Repository with the implementation of WikiCheck API. The project is done in cooperation with Wikimedia Foundation and Ukrainian Catholic University.
The work was accepted to CIKM2021 applied track.
The publication can be found here: WikiCheck: An end-to-end open source Automatic Fact-Checking API based on Wikipedia (https://arxiv.org/abs/2109.00835)
The link to API: https://nli.wmcloud.org
The project consists of modules directory with the implementation of modules used for inference along with the script for NLI models training.
The configs directory includes configuration files for training and inference.
The notebooks directory (not added yet) includes .ipynb notebooks with experiments done during the research.
We use DVC with Google drive remote for efficient model version control.
If you want to get access to our fine-tuned models, you can load them from here.

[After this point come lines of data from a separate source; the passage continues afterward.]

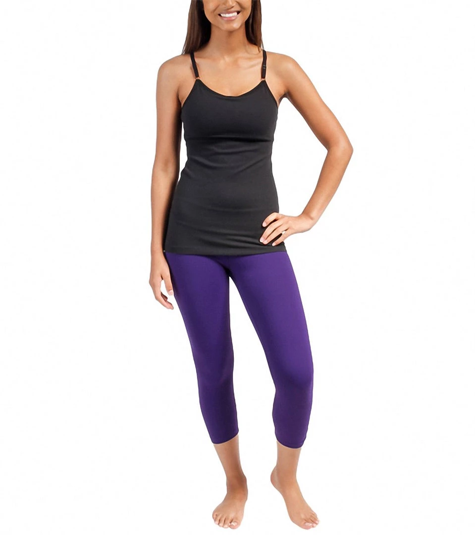- Keywords: tank top, cami, camisole, lattice back, adjustable straps, moisture wicking, quick drying, stretch, shelf bra, black, purple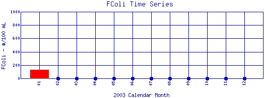 Fecal Coliform Time Series for 2003 Boulder Creek above Dry Creek |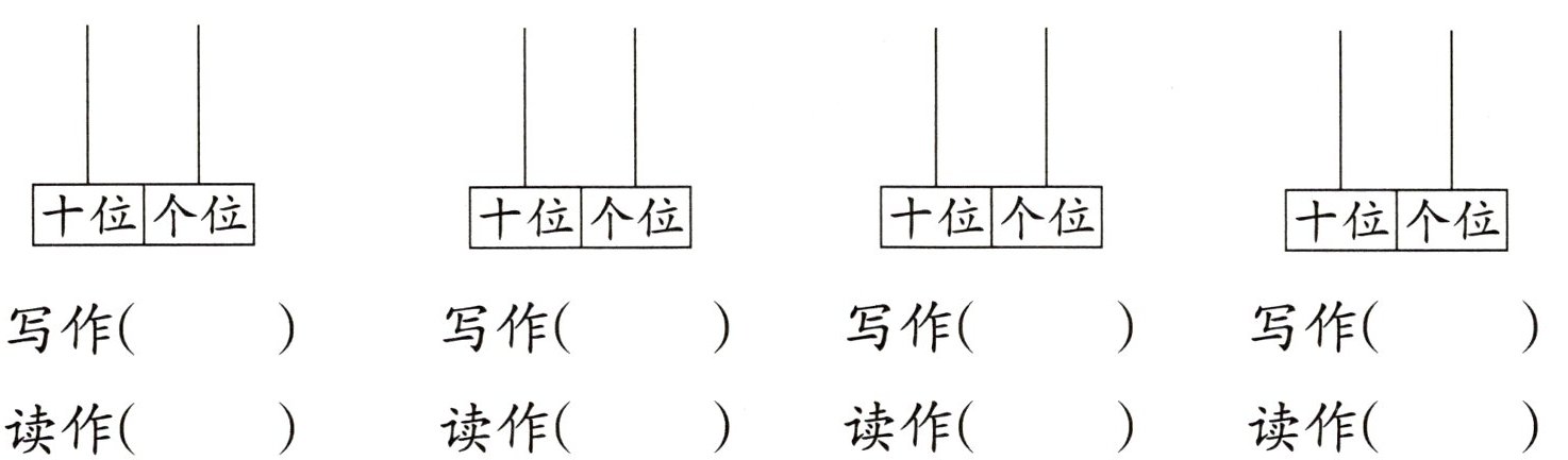 8. 用4颗珠子在计数器上表示两位数,画一画,写一写,读一读。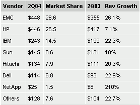 DoSTOR存储分析 9月7日消息:根据IDC最新的市场调查数据显示,在上个季度中网络存储收益的增长数率超过了磁盘存储整体数率三倍。而根据季度磁盘追踪指数,IDC认为2004年第二季度全世界网络存储的收入在21亿美金左右,是有史以来第二高的季度。2003年第四季度网络存储的收入在21.5亿美元,而今年第一季度下滑到了19.8亿美元。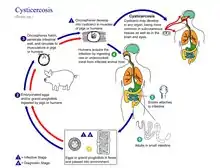 در صورت جذب تخم کرم کدو، انسان دچار انگل رودهای نمیشود، ولی میتواند میزبان واسطه قرار گیرد. در این صورت لاروها توسط جریان خون به ماهیچهها، قلب، چشم و در حالت وخیمتر به مغز و نخاع منتقل میشوند و در آنجا ممکن است بتوانند تشکیل کیست دهند. این حالت در مورد کرم کدوی خوک متداولتر است.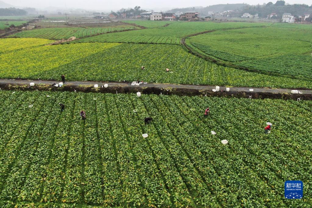 2月15日,在湖南省資興市回龍山瑤族鄉柏樹(shù)村蔬菜種植基地,農民在采收菜心(無(wú)人機照片)。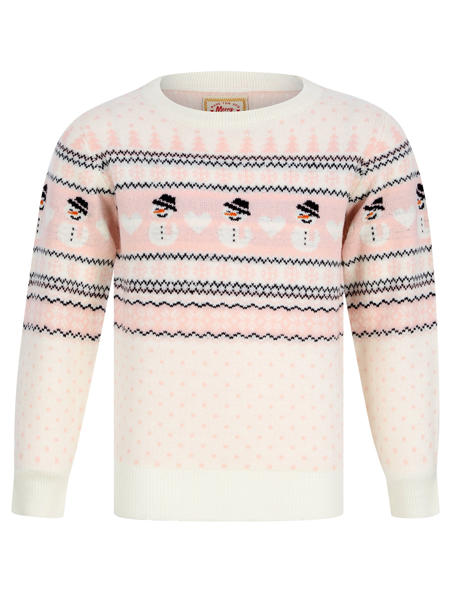 Kids Girls Christmas Jumper Snowman Jacquard Nordic Fairisle Xmas Sweater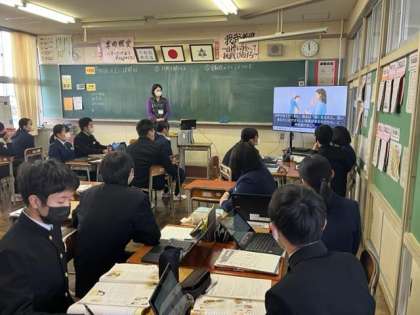 写真中:2年2組 英語 ※『A Glass of Milk』の英語朗読を聞いています。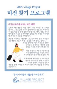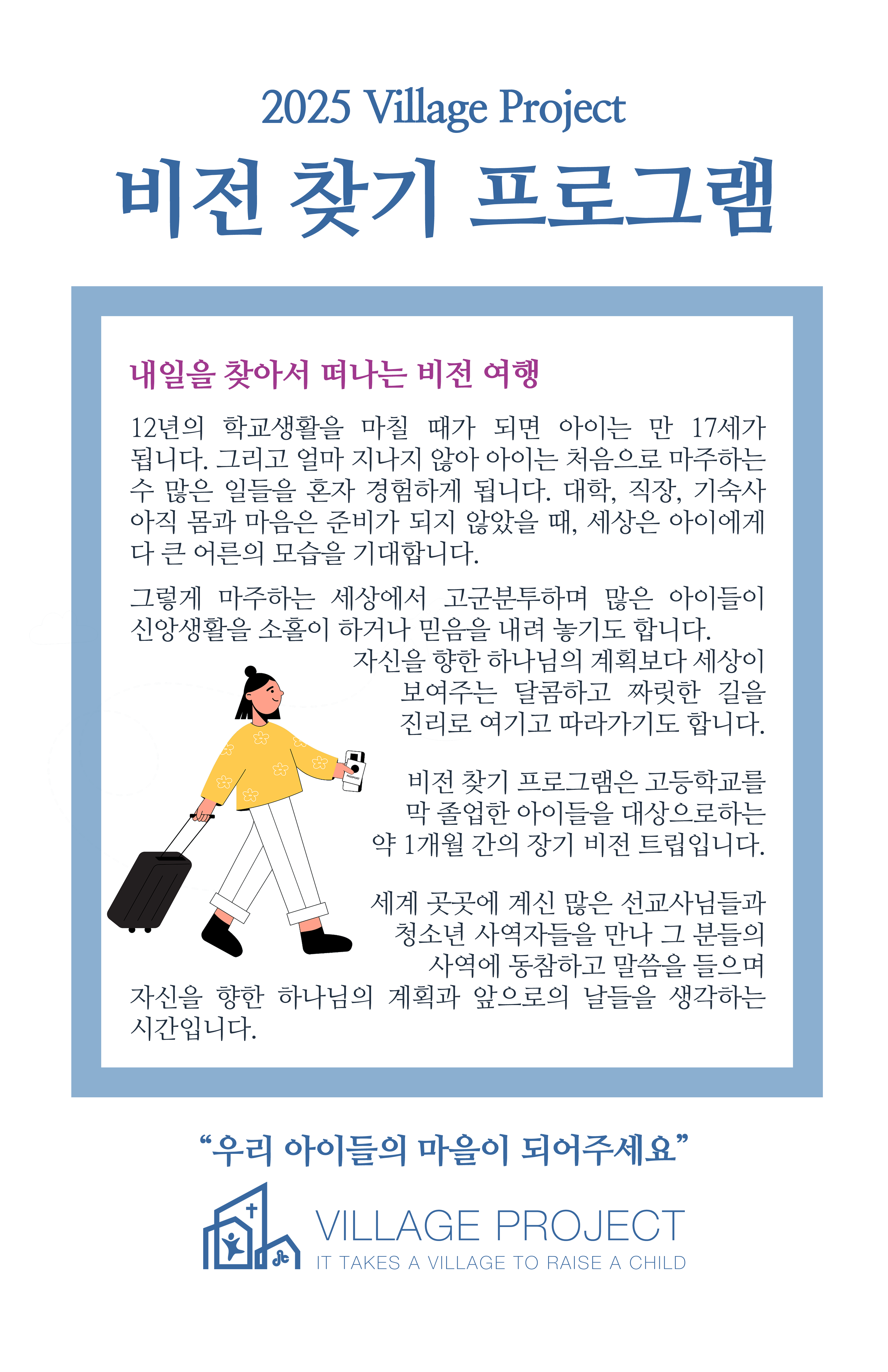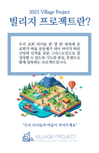 ‘빌리지 프로젝트‘는 뉴저지동산교회 교회학교 아이들을 위한 후원 프로그램으로, “한 아이를 키우려면 온 마을이 필요하다(It takes a village to raise a child)”는 철학을 바탕으로 합니다. 목표는 교회 공동체가 하나의 마을이 되어, 아이들이 신앙과 사회적 책임감을 갖춘 성인으로 성장할 수 있도록 돕는 것입니다.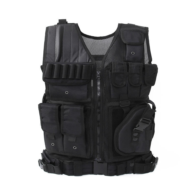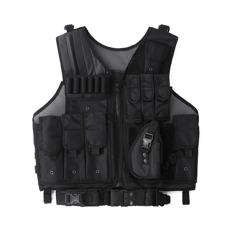 Gilet tactique anti-couteau personnalisé, imperméable, multifonctionnel, équipement de plein air, fermeture éclair, sac de poitrine en maille amphibie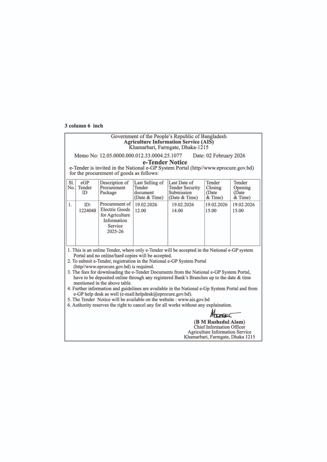 | ১ | দরপত্র বিজ্ঞপ্তি প্রকাশ | | | ০৫-০২-২০২৬ | দেখুন |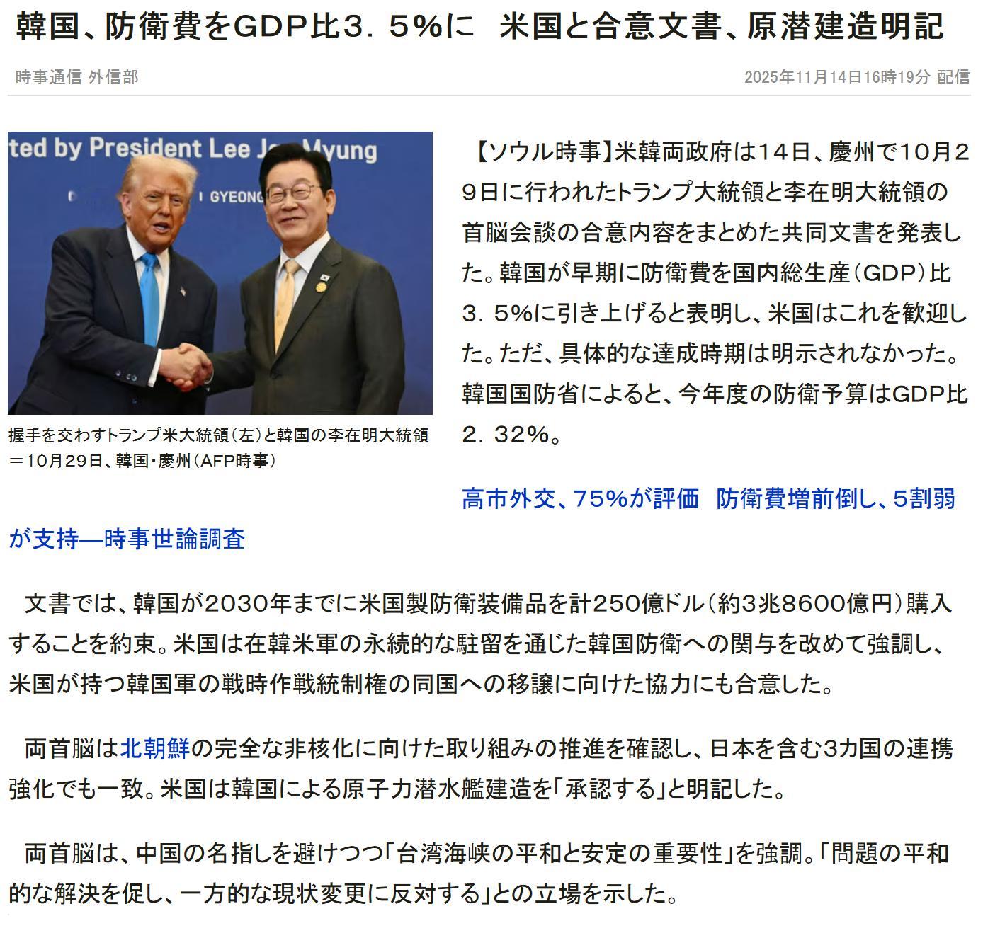 今日强韩——美帝正式批准强韩建造SSN——强韩的国防开支比重将提到3.5%——到2030年强韩将向美帝采购250亿刀武器装备——美军将继续在韩国永久驻留——韩军战时指挥权将移交强韩——韩美日三国继续强调北棒的无核化——韩美反对台海单方面改变现状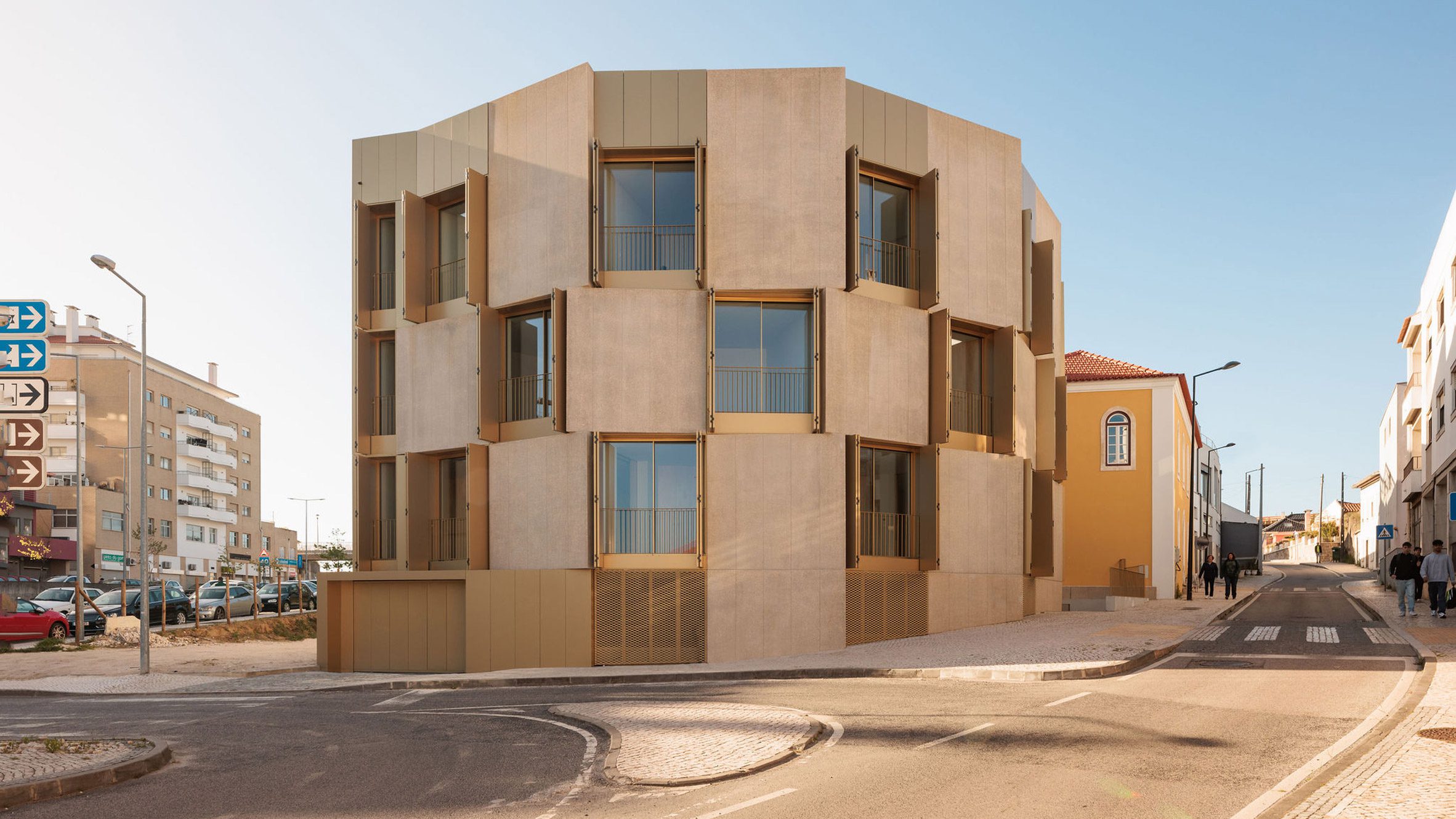 Архитектурная студия Bureau des Mésarchitecture завершила строительство жилого дома в португальском городе Лейрия. Облицованное бетоном и позолоченными алюминиевыми ставнями здание расположено на пересечении старого и нового районов. В доме было размещено пять квартир, и он был соединен с желтым зданием 20 века, которое в рамках проекта было отремонтировано и преобразовано в две дополнительные квартиры.

Also, you can train your model by running the modules/model_trainer.py
script.
- Clone the official WikiCheck repo and cd into it
git clone https://github.com/trokhymovych/WikiCheck.git
cd WikiCheck
- Create and activate virtualenv:
virtualenv -p python venv
source venv/bin/activate
- Install requirements from requirements.txt:
pip install -r requirements.txt
-
Load pretrained models. There are two options:
- Loading models with DVC (preferred):
dvc pull
- Loading models from here
-
Run the API:
python start.py --config configs/inference/sentence_bert_config.json
ToDo:
- Refactor code for inference
- Write README.md
- Refactor training script
- Add training configs
- Add notebooks with experiments
- Add aggregation endpoint to API